2019-10-22

You Don't Need A Reason To Break Up With Someone (So Don't Wait For One)

I answer a lot of questions on Quora. One of the major topics of my answers is romantic relationships. It's not that I'm an expert player or a really great Don Juan, and that's not generally the kind of question people are asking about, anyway. No, people are asking a different sort of relationship question on Quora.

What seems to stump people is what I would describe as "the basics of common decency." In short, how to be nice to your romantic partner. This is apparently a mystery to some people.

A good example is a question I answered yesterday. A woman wanted to know if she should issue an ultimatum to her boyfriend: Include me in your social media life, or I'm dumping you! There are two components to this issue, and both of which are completely incomprehensible.
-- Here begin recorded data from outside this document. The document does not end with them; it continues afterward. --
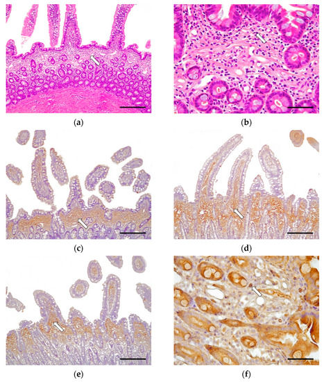 Half of the cases (8/16, 50.0%) were classified as grade I, which is histologically compatible with CEE. In 6/8 cases (75.0%), the disease affected the whole of the small intestine; in 1/8 cases (12.5%) there were lesions in the duodenum and jejunum; and in 1/8 cases (12.5%) there were lesions just in the duodenum. These cases were characterized by multifocal mucosal fibrosis (Figure 1). The morphological changes in grade I (CEE) cases included moderate villus stunting, mild to moderate distension of the crypts, and moderate lymphangiectasia. Minimally to mildly reactive fibroblasts and multifocal areas of fibrosis of the lamina propria were observed. Such a lesion was characterized by the formation of a discontinuous band of fibrous connective tissue immediately beneath the villi, producing a marked separation of the villus–crypt junction, displacing the glandular crypts down from the lamina propria (Figure 1a,b). There was an absence of epithelial injury and necrosis. The morphological diagnosis in these cases was of moderate, chronic, diffuse, eosinophilic. and lymphoplasmacytic enteritis affecting one intestinal layer (mainly the lamina propria in the mucosa). Neutrophils were minimal, and macrophages and intraepithelial lymphocytes were scarce.
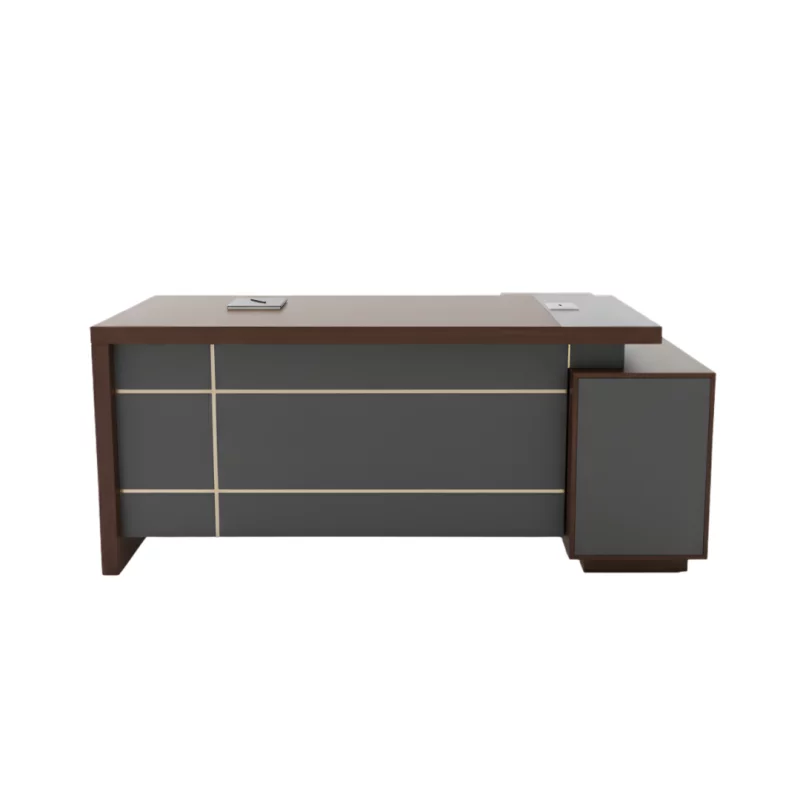 Chef-Schreibtisch mit Seitenschrank & Minibar – Modernes & elegantes Design – Premiumqualität 2000×950×750 mm (Braun / Schwarz)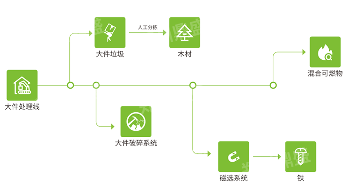 大件垃圾處(chù)理係統通過破碎、磁選、篩分、除塵等(děng)工藝(yì)流程,可以高效分選出大件垃(lā)圾中的織物、海綿、木材、鐵磁料(liào)等物料,可通過(guò)“破碎+分選”工藝快速實現(xiàn)對大件垃圾的減容和初(chū)步資源化處理,降低存放和運輸成本。也可以通過“多級破碎(suì)+多級分選”工藝實現對大件垃圾自動分類(lèi)處理,資源化利用(yòng)程度(dù)高,而且更適合混合型大件垃圾的處理。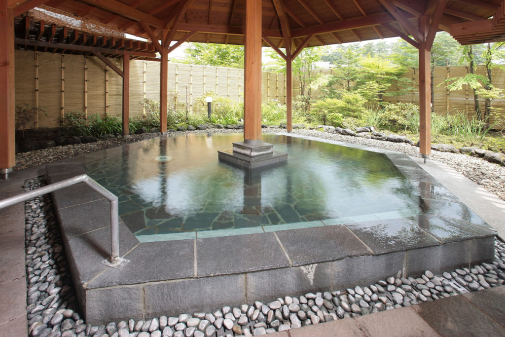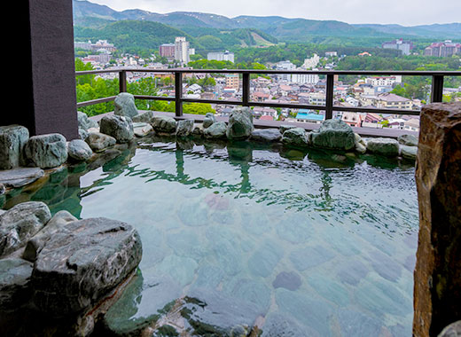 草津特有の硫黄香がなく、殺菌作用の強い『万代鉱源泉』を露天風呂に使用しています。

In the first place, the woman's boyfriend was a real piece of work. They'd been together for three years, and in three years, the man had kept his girlfriend blocked on social media. Blocked. He never posted anything about her on social media, and he kept her blocked, while for three years she begged him to unblock her and to post a photo of her from time to time. In a Quora comment to me, the woman explained why she thought he was doing this. I won't include that information here, because it's not necessary to include her speculation when the facts alone are bizarre enough and incomprehensible enough to tell the story.
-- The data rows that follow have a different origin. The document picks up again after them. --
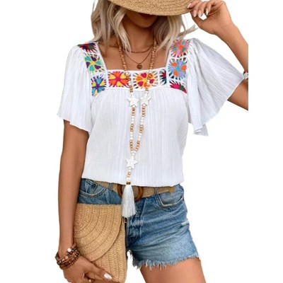 Jojoka Women Short Sleeve Babydoll Tops V Neck Button Up Ruffle Hem Slim Teen Girls Shirts White M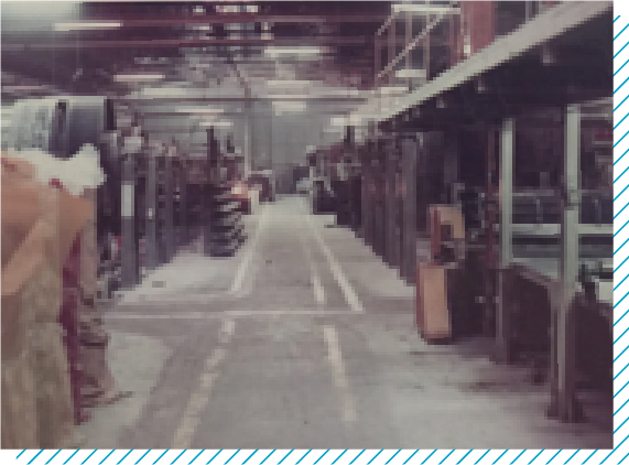 昭和29年、東北振興ゴムを吸収合併。タイヤ、チューブ、ゴム靴、合羽、手袋の生産を継承。技術の進歩とともに多角的操業を実施し、総合ゴム会社となる。写真は昭和30年代のベルト工場。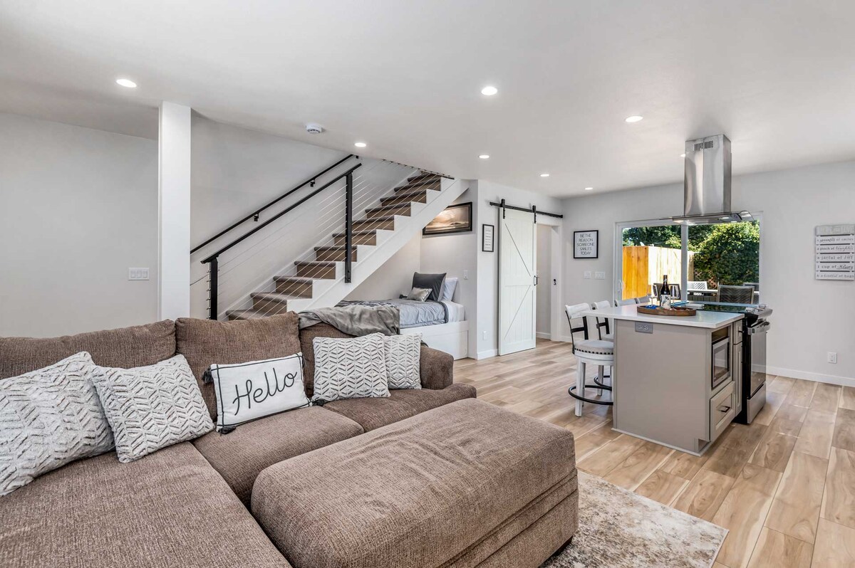 "THE SHED", a private, attached STUDIO with barn-like accents. There's a Kureg coffee machine, MINIMAL kitchenette equipped with dishes, sink, microwave and small fridge (NO cooktop or stove), LARGE KING BED with individual cotton duvet covers lofted over a cool, memory foam mattress. Great high speed WIFI, a 42-inch flat screen TV with LOCAL channels ONLY or you may access your Apple TV account. The back deck overlooks our beautifully landscaped backyard and quaint chicken coup.

People, if you're keeping your significant others blocked on social media for three years, you're headed for a break-up.

But that's just one incomprehensible component to this situation. The other is the woman's response to the situation. She thought it was time to issue an ultimatum. I probably don't need to explain here why ultimatums are a bad way to conduct oneself in interpersonal conflict. They're aggressive, threatening, and manipulative. But, for three years, this woman was blocked from her own partner's social media and her response to this was to ride it out, ride it out, ride it out, and then finally issue an ultimatum! This is wrong.
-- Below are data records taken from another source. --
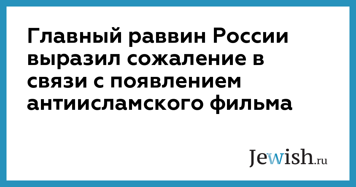 Главный раввин России выразил сожаление в связи с появлением антиисламского фильма
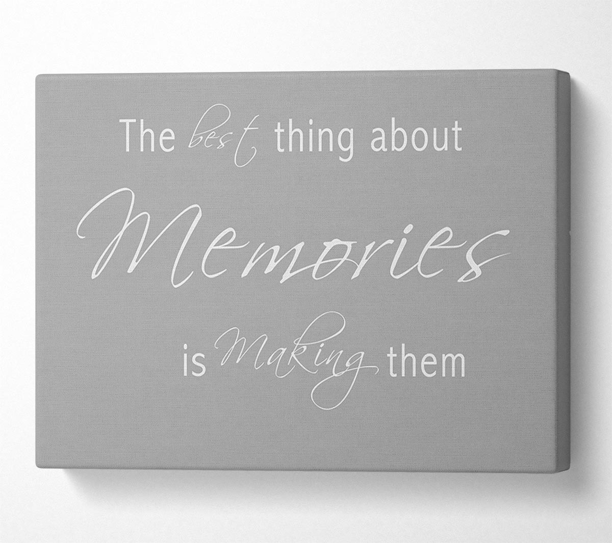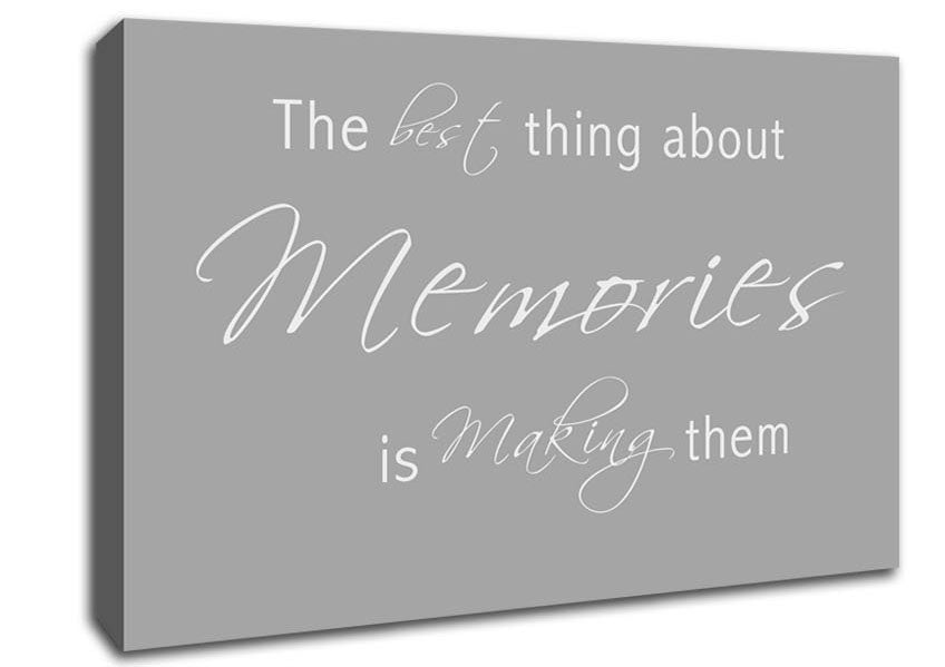 Love Quote The Best Thing About Memories 2 Grey White Canvas Print handmade in the UK. Stretched over a 2 inch thick wooden box frame, ready to hang on your wall.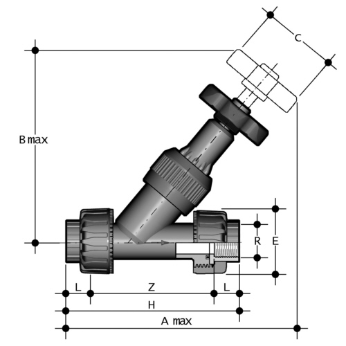 PVC-U Schrägsitzabsperrventil, Gewindemuffe, EPDM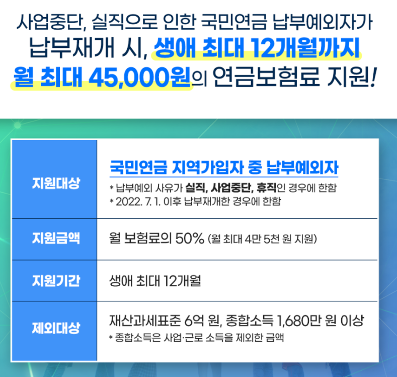 사업중단, 실직으로 인한 국민연금 납부예외자가 납부재개 시, 생애 최대 12개월까지 월 최대 45,000원의 연금보험료를 지원합니다.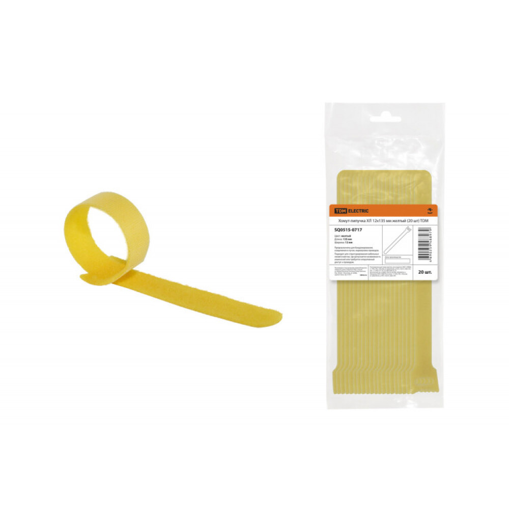 Описание Хомут-липучка ХЛ 12х135 мм желтый (20 шт) SQ0515-0717

What I think is going on in the woman's situation is something that seems common in romantic relationships. People don't break up for the right reasons, even when it's right to break up.

The right reasons to break up are: "Your values are incompatible with mine," or "Our relationship does not make me happy," or "Our lives are on two different and incompatible trajectories." Note that there is not much to explain here. If you ask your partner, "Why are you breaking up with me?" and they answer simply, "This relationship does not provide me with the kind of happiness I'm looking for in a relationship" then the conversation is over. You could try to follow up with, "But why??" You won't get a useful answer, though, because there is no useful answer. One partner's life goals aren't aligned with the relationship, that's why.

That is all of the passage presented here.